In June, Calzada announced that investment would be much lower in the 2022–23 season and Munitis departed the club, with former FC Barcelona player Gabri named as his replacement. He was sacked on 19 December 2022 with the team in 18th place. Assistant coach Miki Lladó, who previously had been in charge of the club's youth teams, was named manager. He led the team to a 10th-place finish in 2022–23 Primera Federación earning 32 points in his 21 games in charge and was offered a new one-year contract in the summer. Talented young players such as Pau Víctor, Sergi Altimira and Álex Sala contributed to survival.

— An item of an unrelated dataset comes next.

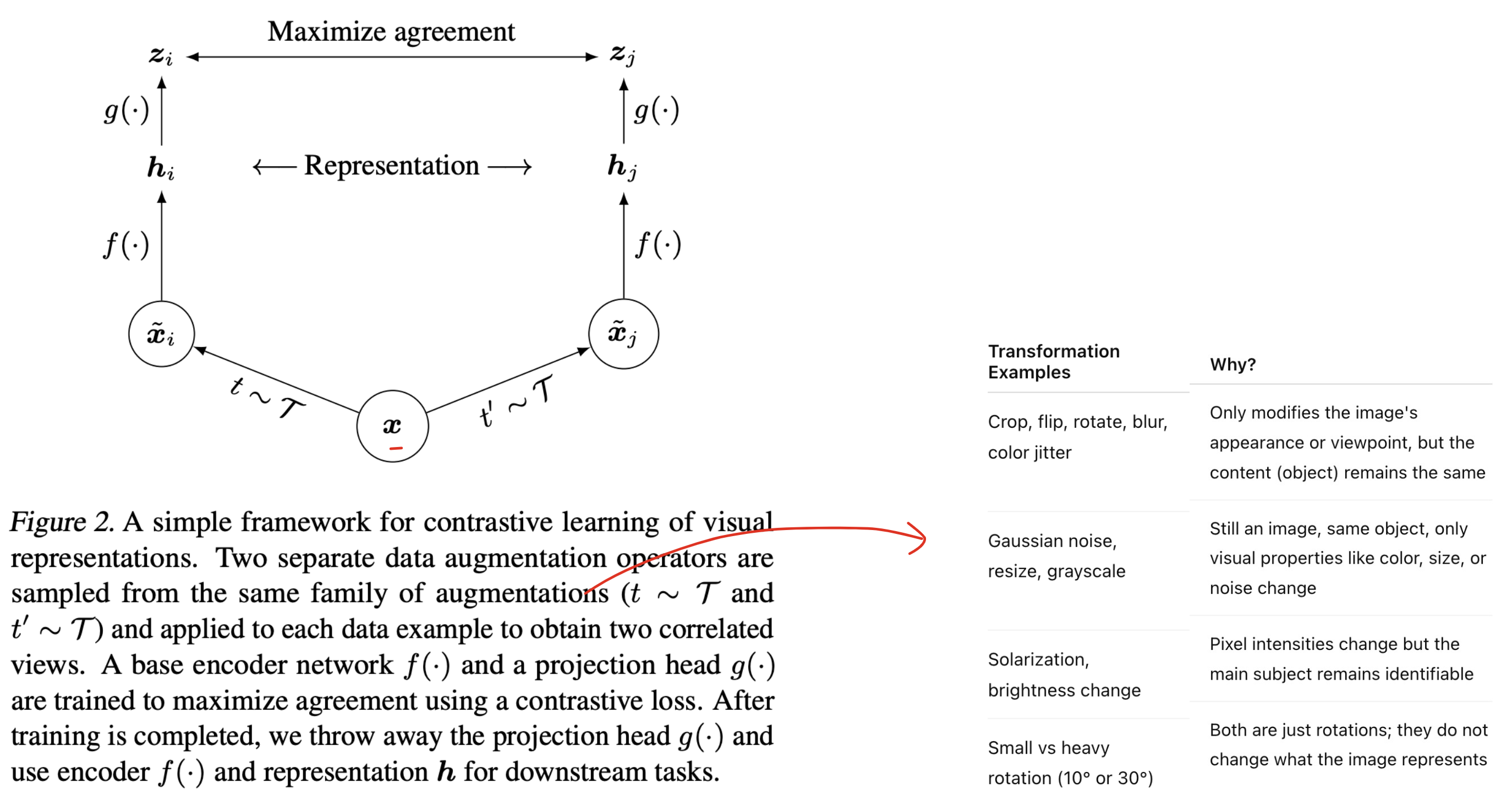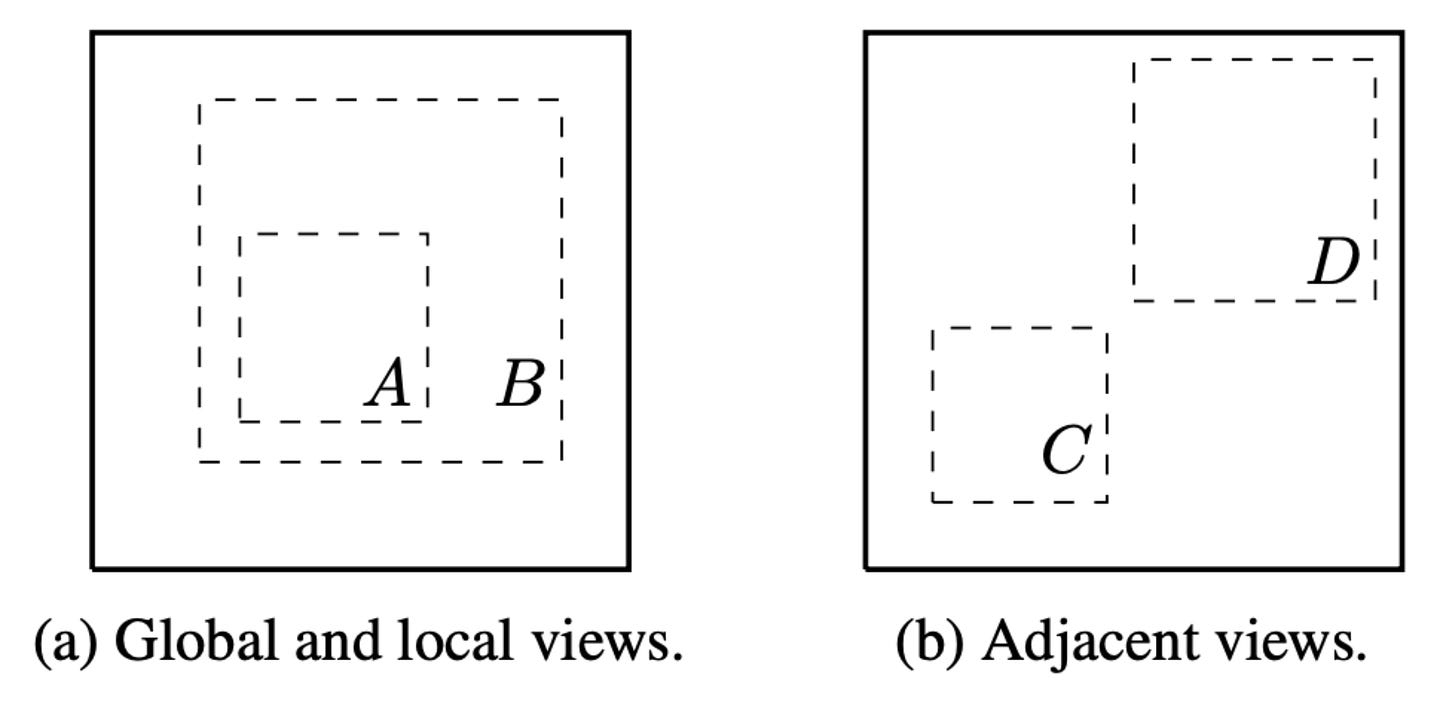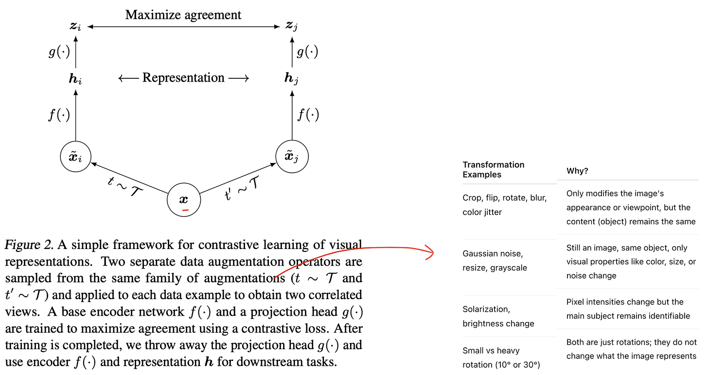 Both augmented images still mean the same thing — so the model must learn that they belong together.

Before the beginning of the 2023-24 season, Chairman Esteve Calzada resigned and was replaced on 12 June 2023 by board member Pau Morilla-Giner. The new season started badly and Lladó was sacked on 10 October 2023 after collecting only seven points in the first seven league games of the 2023–24 season. He was replaced by his assistant Gerard Bofill, who could not achieve a single point in six games and was fired with the team in the bottom of the table. The team improved with the signing of manager Óscar Cano and sporting director Carlos Rosende, but was relegated to Segunda Federacion after failing to win the last game away against CD Lugo on 25 May 2024.

==== Rothstein takeover and back-to-back promotions ====

Some weeks before the end of the 2023-24 season, Chairman Morilla-Giner found a new ownership group led by venture capitalist Adam Rothstein. Despite the relegation, Rothstein stayed loyal to his word and the club was able to form a competitive team to try to go back to Primera Federación.

At the end of the 2024–25 season, the team, guided by manager David Movilla, achieved promotion to Primera RFEF via a successful playoff run defeating SD Eibar B in the semifinal and UCAM Murcia CF in the final after finishing fourth in the league. Movilla had replaced the sacked David Català on 20 January 2025. Youngster Javi Morcillo played a key role in the second half of the season before he was sold to Atlético de Madrid in the summer.

Despite achieving promotion, Movilla's contract was not extended and on 23 June 2025 Ferran Costa was appointed manager of the team signing a two-year contract. He guided the team to a second-place finish in the 2025-26 Primera Federación, entering the promotion play-offs. In the semi-final, Sabadell defeated Real Madrid Castilla after a comeback in the return leg at home: having lost the first leg 2-0, two goals from Joel Priego and one from David Astals in front of a sold-out Nova Creu Alta stadium gave the team a 3-0 win. In the final, after a 1-0 defeat away, promotion to La Liga Hypermotion was achieved on 19 June 2026 after a 4-0 win against Zamora CF thanks to goals from Javi López-Pinto, Eneko Aguilar, Quadri Liameed and Xavi Moreno. It was the second promotion in the two full seasons with Adam Rothstein as owner and with Lucas Viale as sporting director. It was also the second promotion to the second tier for Morilla-Giner, the first one in Marbella as a board member and investor and this second one as president.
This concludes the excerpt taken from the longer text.